Screwed up
August 31, 2008MEMORIES
I love memories they keep us alive. Especially the happy ones, but memories makes us sad too. Do you love keeping memories? Me? i dont know anymore.
Im not pretty much a fan of the past. Not anymore since an incident happned last year in November. It changed so many things in me. I became insecure, I became more twisted and confusing to handle (as said by my boyfriend). It sort of gave me a trauma. My boyfriend explained that the reason for this was because it was mistakenly delivered to me. It gave me so much fright that I got stucked in a predicament of paranoia. I dont want to go into details anymore because everything has been said and done (i guess?). * laughs.
I have come to realize that making friends with the past is hard(pertaining to the idea of it, not the person). So many people will try to bring it up at one point, some will try to insist that its better before than now. So many nasty things that will just crush your heart. This made me doubt about my beliefs. it gave me so much pain, to describe it exactly.
I have been to busy thinking what could have been, if it wasnt me that’s here in this position. I have so many “what ifs”. I dont know when is this going to end, I just find it so hard to trust again. I know, im getting all the assurance that i need but still its hard for me to believe it.

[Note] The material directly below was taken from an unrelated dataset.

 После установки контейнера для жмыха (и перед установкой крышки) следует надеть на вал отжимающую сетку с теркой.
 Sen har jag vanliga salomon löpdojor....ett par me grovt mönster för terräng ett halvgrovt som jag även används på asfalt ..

Its almost a year now since it happened, its still fresh in my memory. I dont know how to end this misery, I guess i just need to let go. I know i need to. I just dont know how.

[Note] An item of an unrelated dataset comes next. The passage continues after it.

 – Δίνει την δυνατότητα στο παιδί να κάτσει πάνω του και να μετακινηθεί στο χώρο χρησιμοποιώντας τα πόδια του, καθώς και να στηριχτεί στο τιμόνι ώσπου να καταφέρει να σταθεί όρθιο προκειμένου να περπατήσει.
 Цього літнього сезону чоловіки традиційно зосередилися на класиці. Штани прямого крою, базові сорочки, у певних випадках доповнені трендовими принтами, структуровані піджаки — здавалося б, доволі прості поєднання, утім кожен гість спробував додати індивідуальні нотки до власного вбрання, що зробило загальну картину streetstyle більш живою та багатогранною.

Now this question:If a memory was kept, does it mean that the person is still inlove to that person he/she got invoved with? are there chances for them to get back together? Damnit. because we keep memories in order to remember that person once in a while right? So if you dont have feelings for that person anymore, why keep it right?(call me selfish, il stab you. ahaha)

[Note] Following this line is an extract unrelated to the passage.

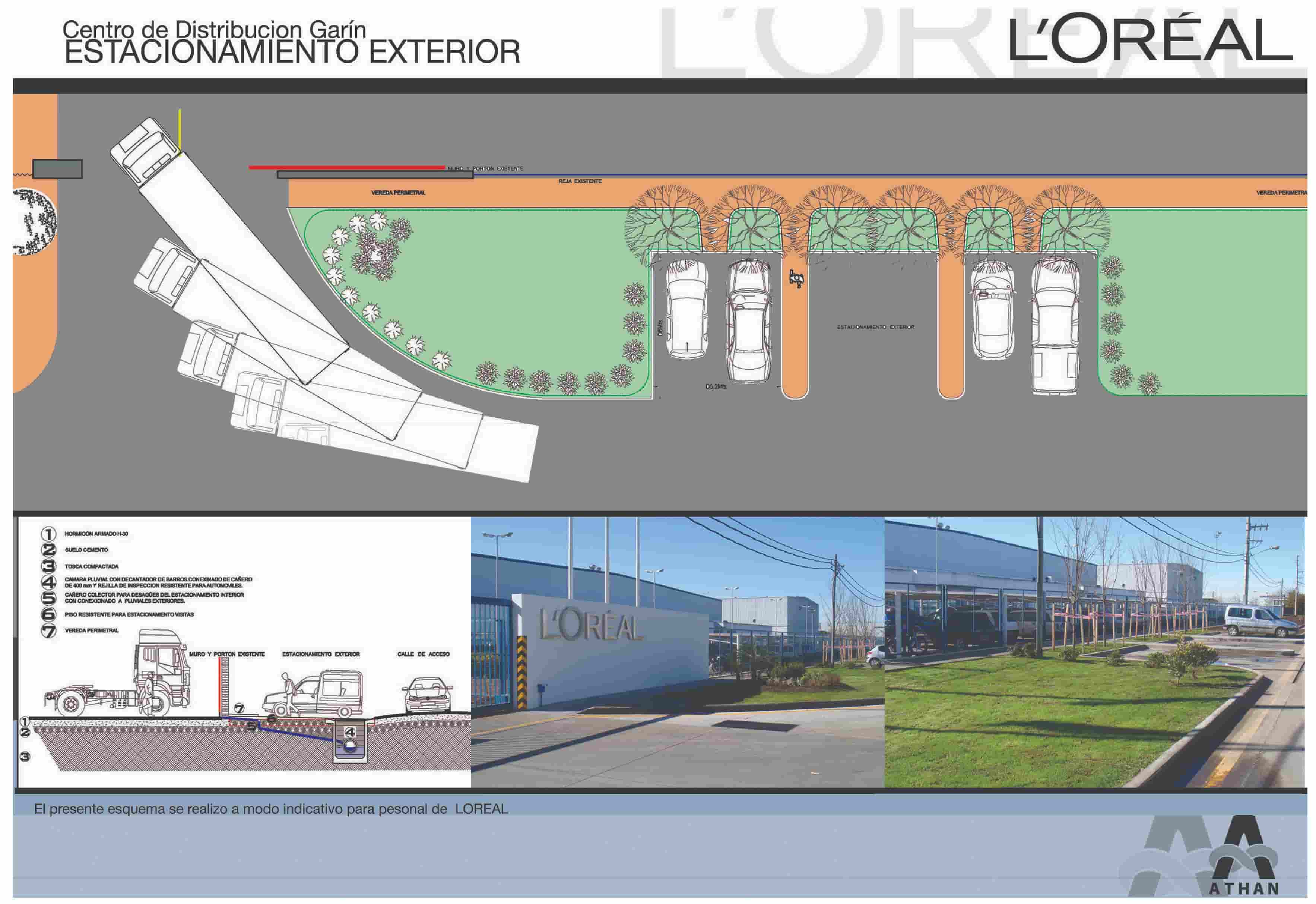 El proyecto se inició con la planificación y ejecución del nuevo acceso al Centro Logístico de L’OREAL. Las tareas incluyeron la nivelación del terreno, la pavimentación del estacionamiento de visitas con un diseño de paisajismo, y la pavimentación hasta el centro de distribución de L’OREAL Además, se llevaron a cabo trabajos de construcción de desagües pluviales y se instalo un portón automatizado para facilitar el ingreso de camiones al centro de distribución.

My friend and i had a little talk, I asked this question and he laughed. He told me that It doesnt necessarily mean that if a person keeps something from the past ,it already means that he/she is still inlove with that person. Its a totally wrong judgement because those were the good memories. It should be treasured. Just that. There will always be this special place in a man’s heart for those kind of things. He said.
Why didnt i think of that? God damnit, Maybe because im too busy getting jealous and feeling sorry for myself for nor reason at all.Pathetic i know. I just hate myself so much that if i can just kill myself i already did. More pathetic i know. I want to be over it. Haaay, I dont know anymore.
It gets old right, the issue? And im getting tired of it. So sick and tired of it.
i dont even know myself anymore, This is making me unhappy,jealous and god damn paranoid! This causes my relationship to fall in dip shit, because i know im the one creating reasons for it to fall apart and for the most unwanted things to happen.
See. I know the reasons of my insanity.
lalalalalalalalalal…. ♫ Just like in the lyrics of a song;
“I just dont know what to do with myself, I just dont know what to do..”
Im trying my very best to be a good person, Im trying to be the best girlfriend, but still I feel that im not good enough.
To quote Maggie, “Theres a distinct possibility that im profoundly and irreversibly screwed up!”
I just want to be okay, I just want to be the old me. In short I just want to be normal. Im not sorry for what im feeling because i know that i have my reasons,but if this is a crime, can you just Shoot me?